TASK =
Pictures stay out. Extract the lines below from the first one through the line with "- مع المعطف", both included.

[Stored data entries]
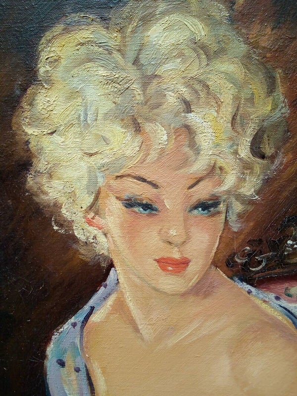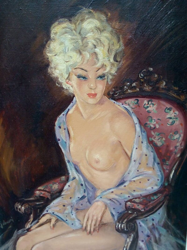 Exceptionnelle peinture à l'huile sur toile dans le goût de Jean-Gabriel DOMERGUE, Nu assis, CIRCA 1960, signature à déchiffrer, annotée au dos "TERRY HENRI Simon(n)e, il devait s'agir d'une commande du portrait en buste de cette jeune femme qui devait se nommer ainsi où alors il s'agit du portrait d'une certaine Simone commandée par Terry HENRI...
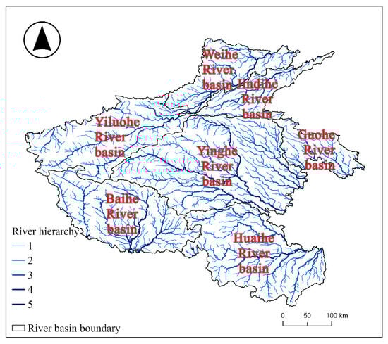 Utilizing GIS hydrological analysis tools, the research area was divided into seven basins: the Baihe River Basin, the Yinghe River Basin, the Yiluohe River Basin, the Guohe River Basin, the Weihe River Basin, the Huaihe River Basin, and the Jindihe River Basin. Additionally, based on previous research, the river basins were further divided into smaller sub-basins, with the streamflow threshold set to 3000. Under this threshold, a total of 2134 small sub-basins were identified (Figure 2).
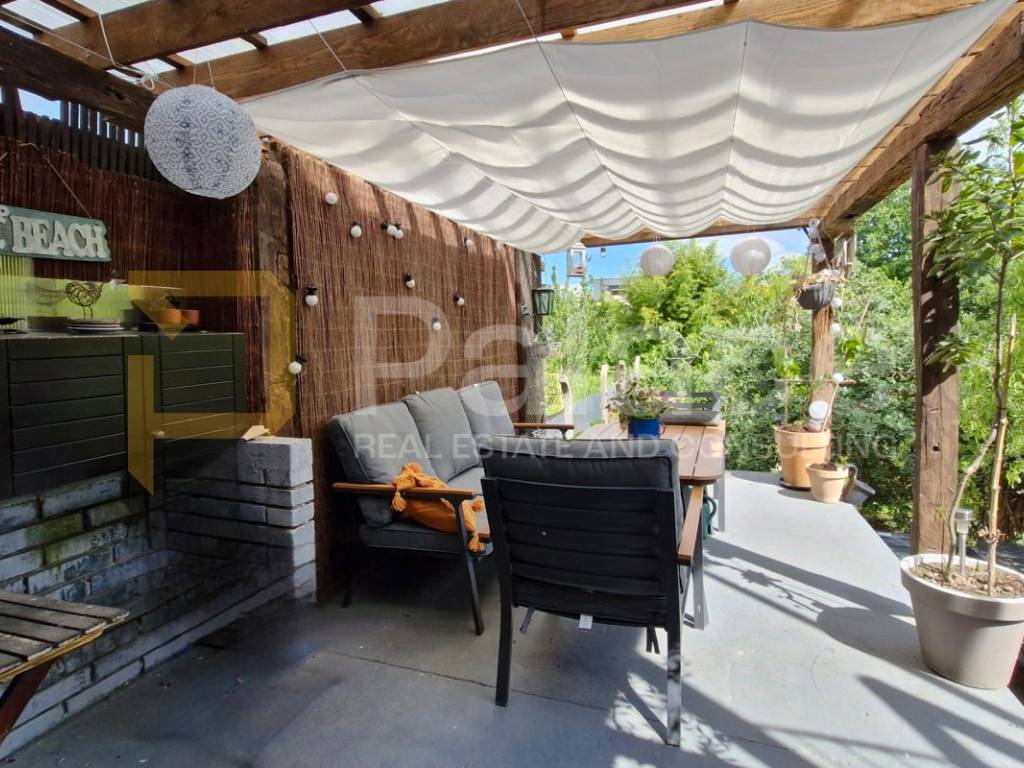 Erdgeschoss: Wohnzimmer, Küche mit Essbereich (Zugang zur überdachten Terrasse und zum Hof mit gemauertem Grill), Badezimmer, kleines Zimmer
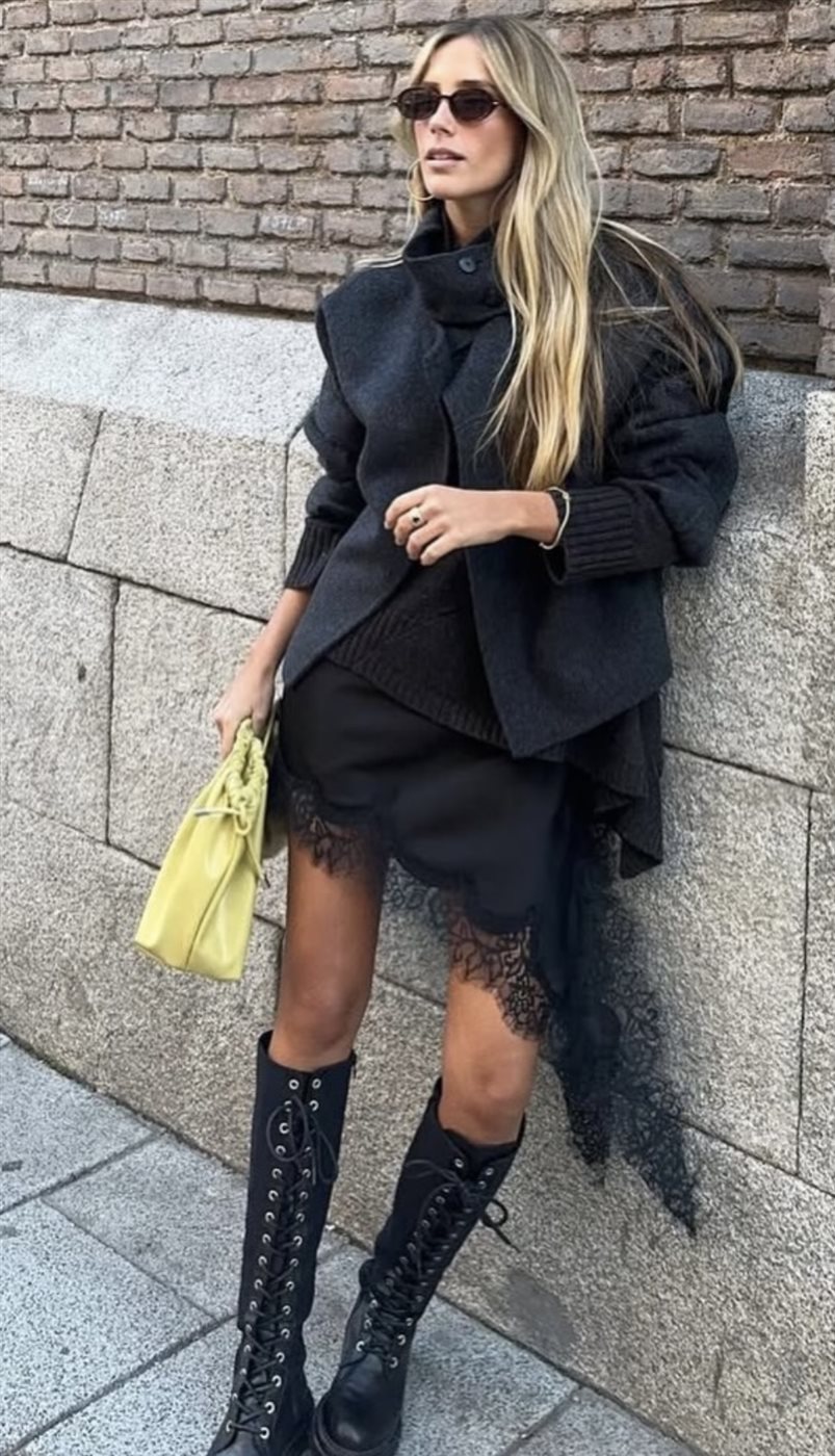 - مع المعطف الطويل: سواء كان معطفًا صوفيًا كلاسيكيًا أو Oversized Coat، فإن ارتداء الـSlip Dress تحته يضفي لمسة راقية تناسب المناسبات المختلفة.
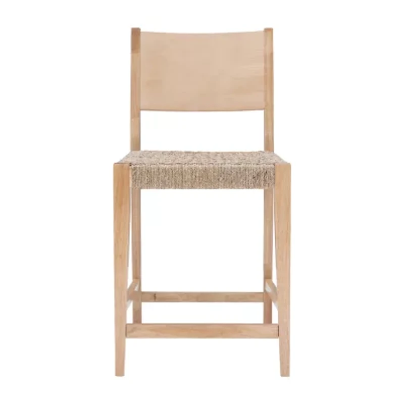 This counter stool is made in the spirit of midcentury modern design with just a hint of rustic farmhouse sentiment. The sturdy frame in brown is made of solid rubberwood and is equipped with footrails for added stability and convenience. A handstitched basketweave seat provides stylish comfort, while an angled backrest allows for easy leaning. With a seat height of 24 inches, this stool is best paired with any bar standing at 35" to 39". Arrives in a set of two.
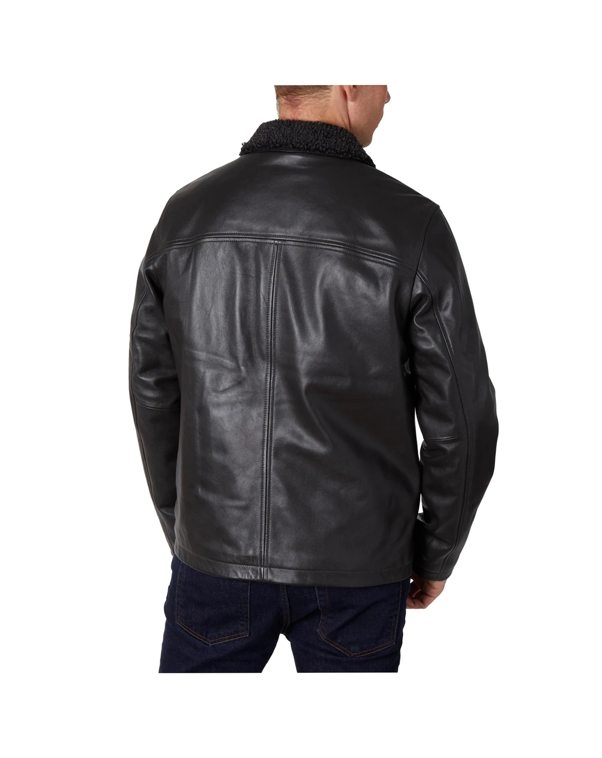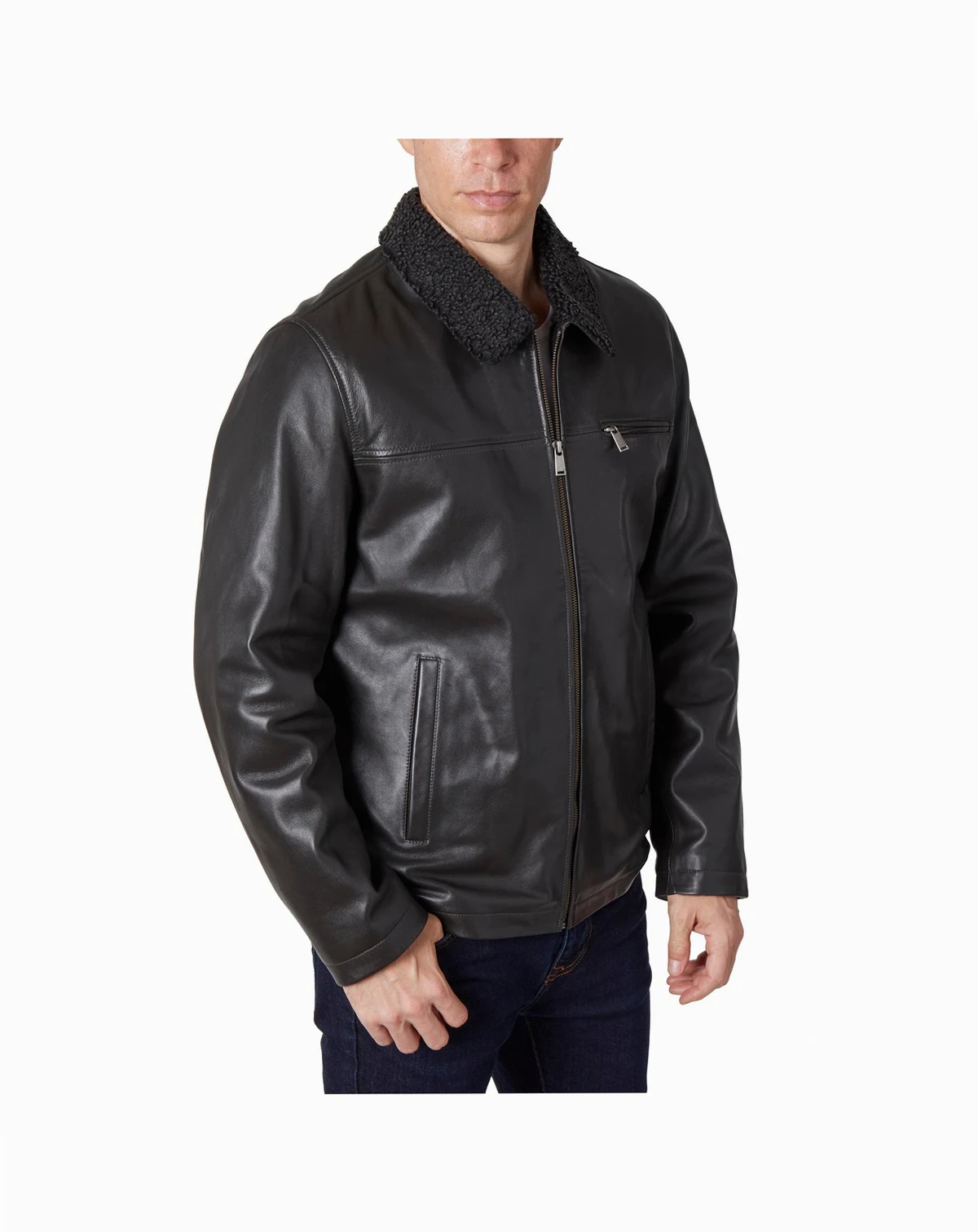 Perry Ellis portfolio genuine leather jacket with chest pocket and zipper closure. Jacket has sherpa collar and inside sherpa placket trim.
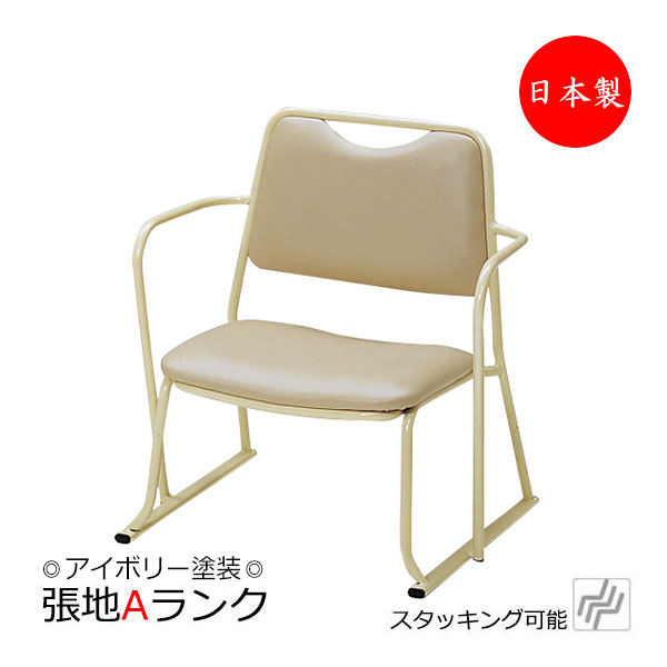 寺椅子 座イス 御参りイス ローチェア スタッキングチェア 畳ずり付き 肘付 スチール脚 アイボリー塗装 張地Aランク MT-0063

RESULT BELOW =
 Exceptionnelle peinture à l'huile sur toile dans le goût de Jean-Gabriel DOMERGUE, Nu assis, CIRCA 1960, signature à déchiffrer, annotée au dos "TERRY HENRI Simon(n)e, il devait s'agir d'une commande du portrait en buste de cette jeune femme qui devait se nommer ainsi où alors il s'agit du portrait d'une certaine Simone commandée par Terry HENRI...
 Utilizing GIS hydrological analysis tools, the research area was divided into seven basins: the Baihe River Basin, the Yinghe River Basin, the Yiluohe River Basin, the Guohe River Basin, the Weihe River Basin, the Huaihe River Basin, and the Jindihe River Basin. Additionally, based on previous research, the river basins were further divided into smaller sub-basins, with the streamflow threshold set to 3000. Under this threshold, a total of 2134 small sub-basins were identified (Figure 2).
 Erdgeschoss: Wohnzimmer, Küche mit Essbereich (Zugang zur überdachten Terrasse und zum Hof mit gemauertem Grill), Badezimmer, kleines Zimmer
 - مع المعطف الطويل: سواء كان معطفًا صوفيًا كلاسيكيًا أو Oversized Coat، فإن ارتداء الـSlip Dress تحته يضفي لمسة راقية تناسب المناسبات المختلفة.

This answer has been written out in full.